Связано ли с историей Серёжи, не знаю, только запланированный перевод в Москву моего генерала после неудач с Серёжей был отставлен. Я бы на это сказал: «Бог шельму метит!»
Я оговорился, упрекнув моего начальника в бездушном отношении ко мне. Были и моменты проявления заботы. Я, как и большинство его «любимчиков», ходил в отпуск в ноябре-декабре или январе-феврале. Однажды, когда прошло недели две после возвращения из декабрьского отпуска, начальник вызвал меня к себе, долго вглядывался в меня, а потом сказал, помотав горестно головой:
– Ты плохо выглядишь. Ты не болеешь?
– Нет, не болею. Хорошо себя чувствую, – не без удивления ответил я.
– Не нравится мне твой вид. Тебе надо полечиться, отдохнуть, – сказал, ещё горестней вздохнув, начальник.
– От чего лечиться? – недоумевал я. – Я вполне здоров!
– Давай-ка, бери отпуск в январе и езжай в санаторий! Я сейчас позвоню нашим врачам, тебе путёвку подберут, – не слушая меня, говорил начальник.
– Да не надо мне никакой путёвки! – Я был на грани возмущения. – Я здоров!
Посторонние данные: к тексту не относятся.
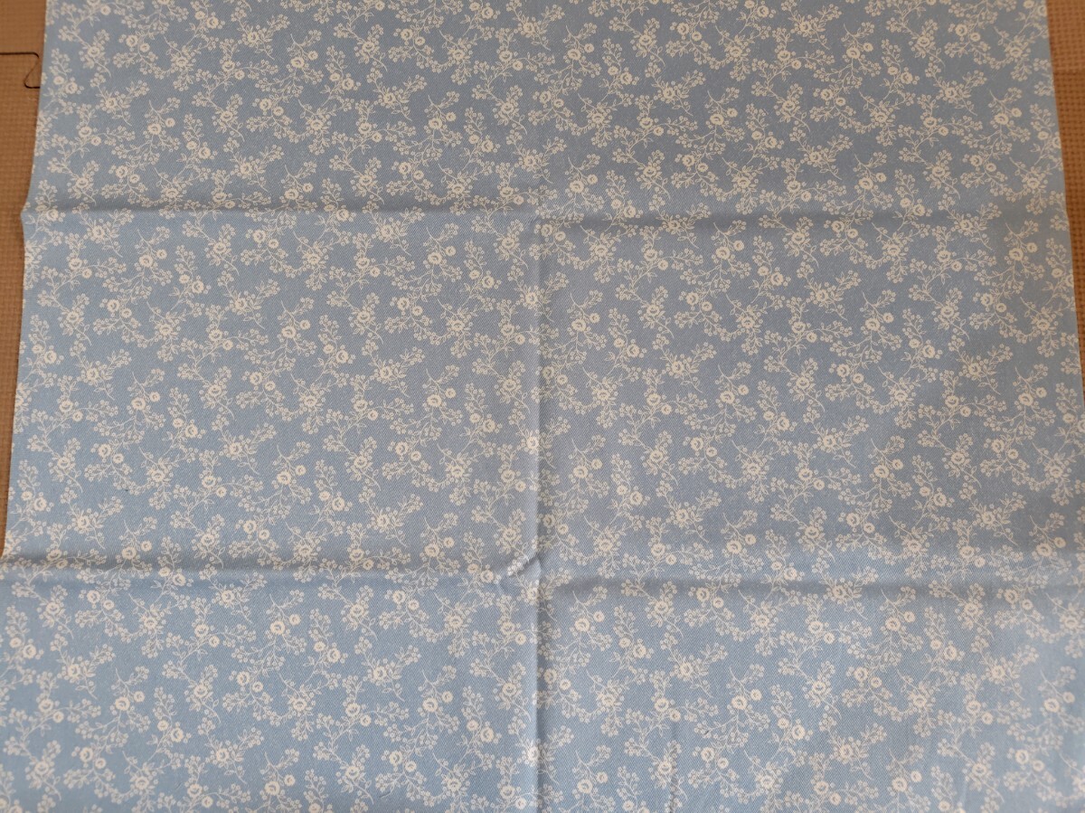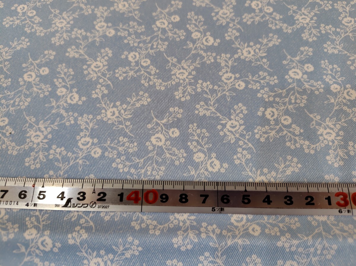 「 ☆ハギレ 優しい水色に白抜きの花 インテリア・小物作りに 布幅約110cm×48cm 」です。

Только что пришёл из отпуска! У родителей отдохнул очень хорошо!
– Вот и хорошо! Там отдохнул, а в санатории подлечишься, и потом без проблем служи! За здоровьем надо следить и беречь его, вовремя надо лечиться! Так что с первого января у тебя отпуск! В виде исключения, разрешаю его с двадцать пятого декабря, чтобы в дороге не встречать Новый год!
И поехал я в санаторий, который мне совсем был не нужен.
В первые же дни ввода войск в Афганистан, бросили туда и этот полк. Быть бы и мне там, но я был уже в это время в Германии. Первый Герой Советского Союза Щербаков Василий – выходец из этого полка. Впервые встретились мы с ним, когда он был ещё лейтенантом, а ушёл в Афганистан уже майором, командиром эскадрильи. Вместе мы летали в горах, готовили лётчиков к полётам в высокогорной местности. Было это незадолго до Афганистана.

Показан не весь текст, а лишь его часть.